Federal State Unitary Enterprise "Guard"
- Great emblem
- Patch
- Native name: ФГУП «Охрана Росгвардии»
- Company type: State company
- Industry: State paramilitary protection
- Genre: Security services
- Founded: 2005
- Founder: Ministry of Internal Affairs (Russia)
- Headquarters: 5/1 Delegatskaya Street, Moscow, Russia
- Key people: CEO: Stanislav Osipov
- Owner: National Guard of Russia
- Website: fgup-ohrana.ru

= Federal State Unitary Enterprise Guard (Russia) =

Security company

Federal State Unitary Enterprise "Guard" is governmental militarized security organization of the National Guard of Russia.

== History ==
In 2005, the security organization was established under the Ministry of the Interior of Russia. The enterprise has 80 branches in the regions of Russia, representing the services of physical, paramilitary protection, panel guard, installation and maintenance of security systems.

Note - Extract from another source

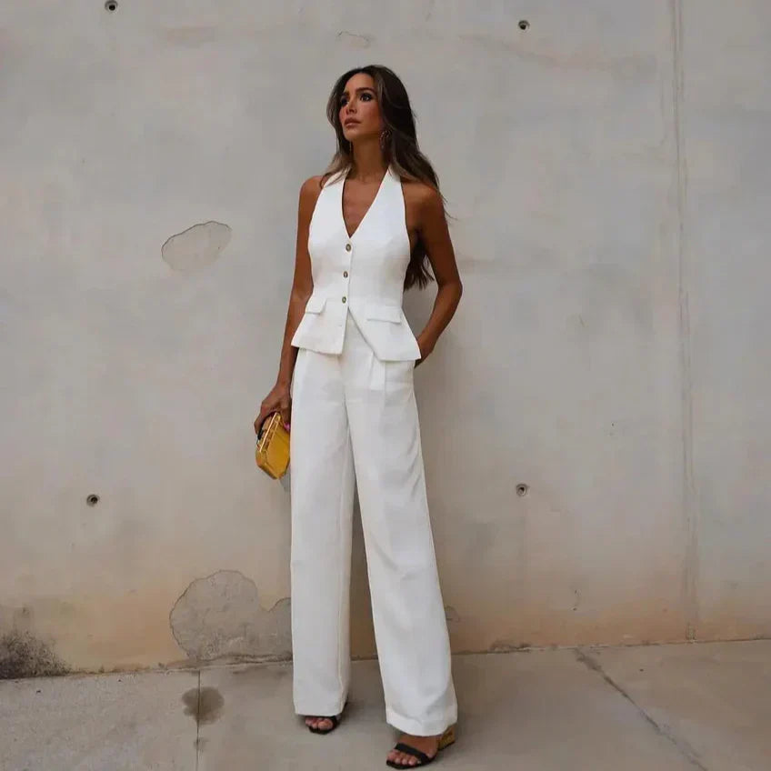 Verleihen Sie Ihrem Stil eine besondere Note mit unserem Set Arya, bestehend aus einer Trägerweste und einer hochtaillierten Hose.Dieses Set ist aus einer bequemen Stoffmischung gefertigt und kombiniert Mode und Flexibilität.
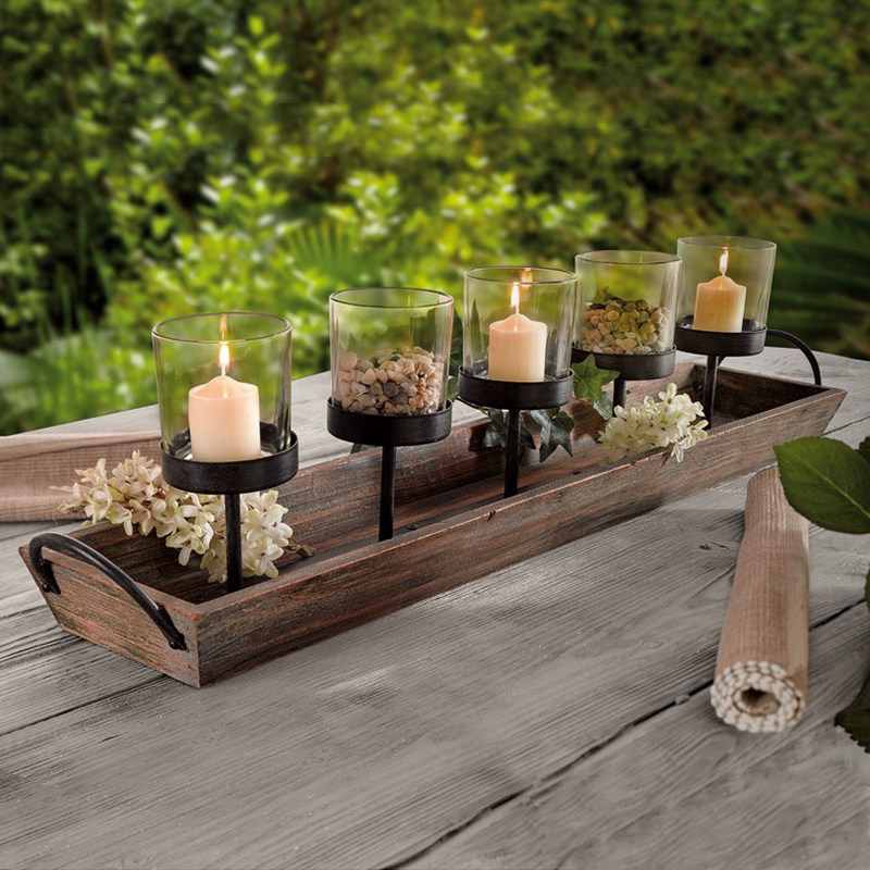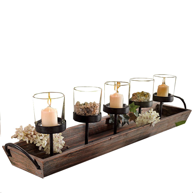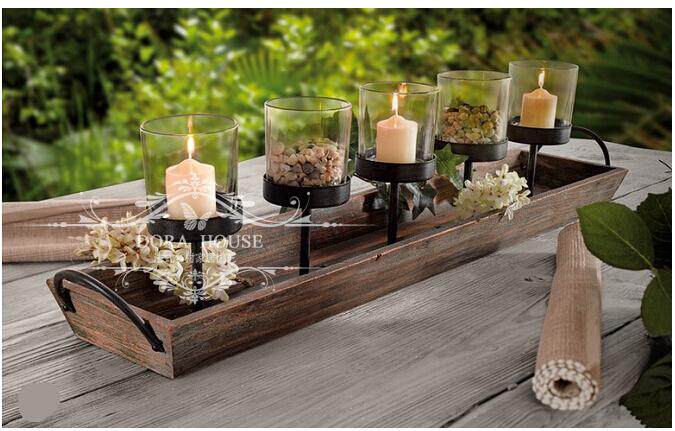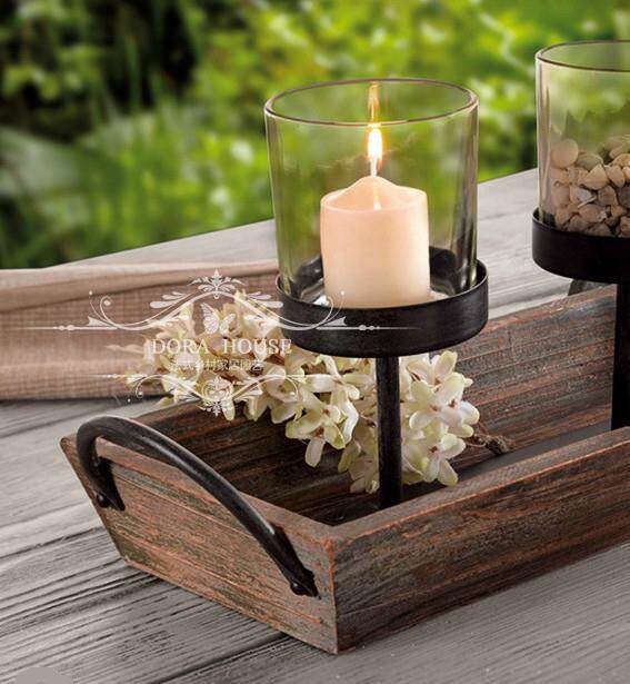DORA HOUSE欧式法式复古木质烛台 仿古做旧酒吧别墅装饰配烛杯

In 2016 in accordance with the decree of the president of Russia, the organization became a part of the National Guard of Russia. The general director is the colonel of the reserve Stanislav Osipov.

==Legal Basis==
FSUE Okhrana (English: Security) of the National Guard of Russia operates on the basis of the Charter. “Militarized and guard units” of the Federal State Unitary Enterprise “Security” are subject to the provisions of the Federal Law “On Departmental Security” (Article 26). Unlike departmental security, it has the right to carry out on a contractual basis the protection of objects of all forms of ownership, regardless of departmental affiliation. Employees of the enterprise use special means and military hand-held small arms adopted by the Russian Guard troops, as well as service and civilian weapons permitted for circulation on the territory of the Russian Federation.

==Divisions==
Federal State Unitary Enterprise Guard is divided into five major Centers as follows:
- Center for the Protection of Industrial Facilities (CPOP);
- Center for Security of Fuel and Energy Complex Facilities (COO TEK);
- Center for the Protection of Objects of the Agro-Industrial Complex (CPO AIC);
- Center for the Protection of Communication Facilities (COOS);
- Center for the Protection of Civil Objects.